When applied to Paul Kersey, the term “mild-mannered” should be taken with a grain of salt. Death Wish, like the current generation of Dark Knight films, is a superhero origin story. Charles Bronson may have been 53-years old in 1974, but he also had a cut, weightlifter’s body that would have put men half his age to shame, and a quick draw with a pistol that makes Dirty Harry look like an amateur. Again and again, Kersey manages to gun down would-be muggers in broad daylight, often on the subway, and escape as easily as if he had a cloaking device. Eventually, he comes to the attention of the NYPD, who begin a round the clock surveillance operation of the man the newspapers have dubbed “the Vigilante” and turned into a hero. After the police manage to gather enough evidence to convict Kersey, however, they decide they don’t want him. His murder spree, and by this time he’s more serial killer than crime fighter, has provoked an uprising of the people of New York against the criminals who, up until then, had maintained a reign of terror over their city. Instead of arresting him, they tell him to leave town, to request a transfer to another city. In the final scene we seem him arrive in Chicago, getting ready, no doubt, to begin another killing spree, and setting up the inevitable sequel. In New York, the legend of the vigilante lives on.

So why watch Death Wish?

While Death Wish is a vicious, pornographic, quasi-fascist movie, it’s also well-paced, and crisply written. To view Death Wish 40 years after is release it to realize just how stuck in the post-1960s right-wing backlash American cinema remains. Made for only 3 million dollars, Death Wish says exactly the same thing as the 200 million dollar Dark Knight Rises, and in a far more entertaining manner. To watch Death With is to realize that the 197 million dollar difference between it and Dark Knight Rises is spent, not only telling a story, but on cloaking a story underneath a deluge of hype and high-tech wizardry.

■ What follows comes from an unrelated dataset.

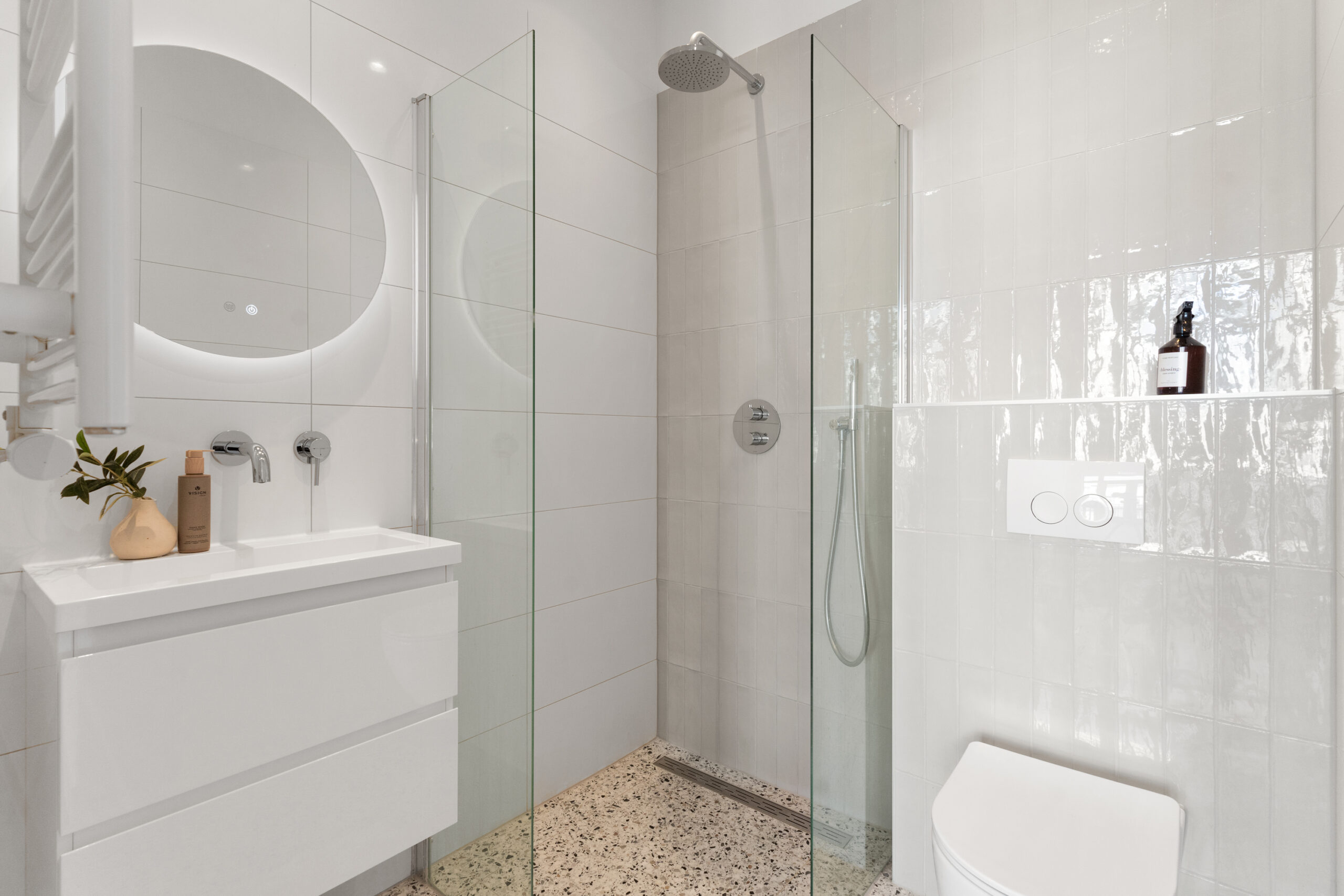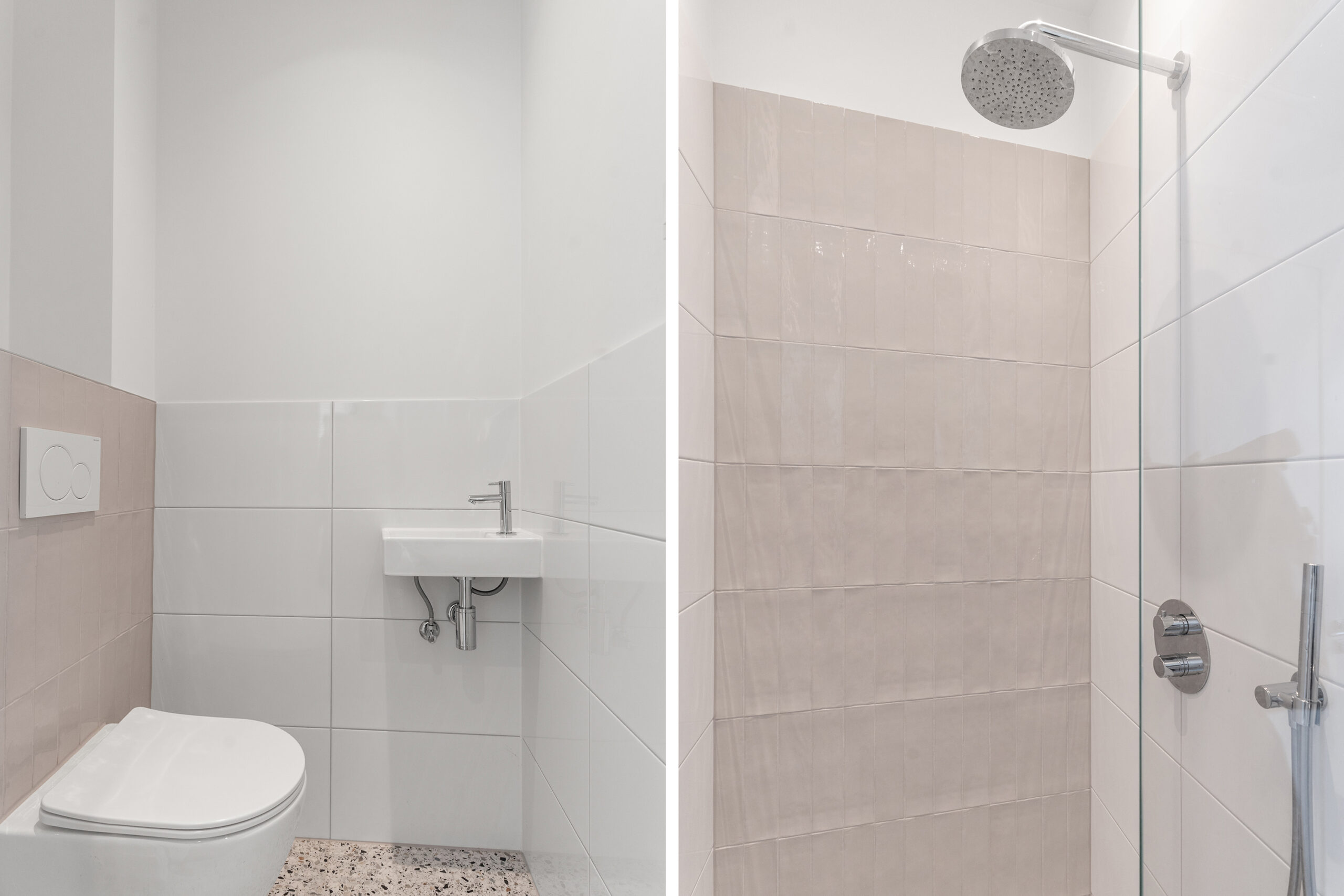 - Badkamervoorzieningen Toilet, wastafel, wastafelmeubel, inloopdouche, wastafel, wastafelmeubel, inloopdouche

Charles Bronson is far more convincing as a “dark avenger” with a subway token and a 38 caliber revolver than Christian Bale is with a million dollar car and a multi-million dollar bat cave. Michael Winner may have been a vicious right-wing supporter of Margaret Thatcher but, unlike Chris Nolan, he makes his intentions clear. If dreams came true, every American movie would look like Grapes of Wrath or Sullivan’s Travels. But if the choice is between honest, in your face fascism, and muddled, poorly-written fascism, I’ll take the former every time. Let’s strip the layers of obfuscation off the current generation of ponderous, hundred million dollar duds, and contemplate their real meaning.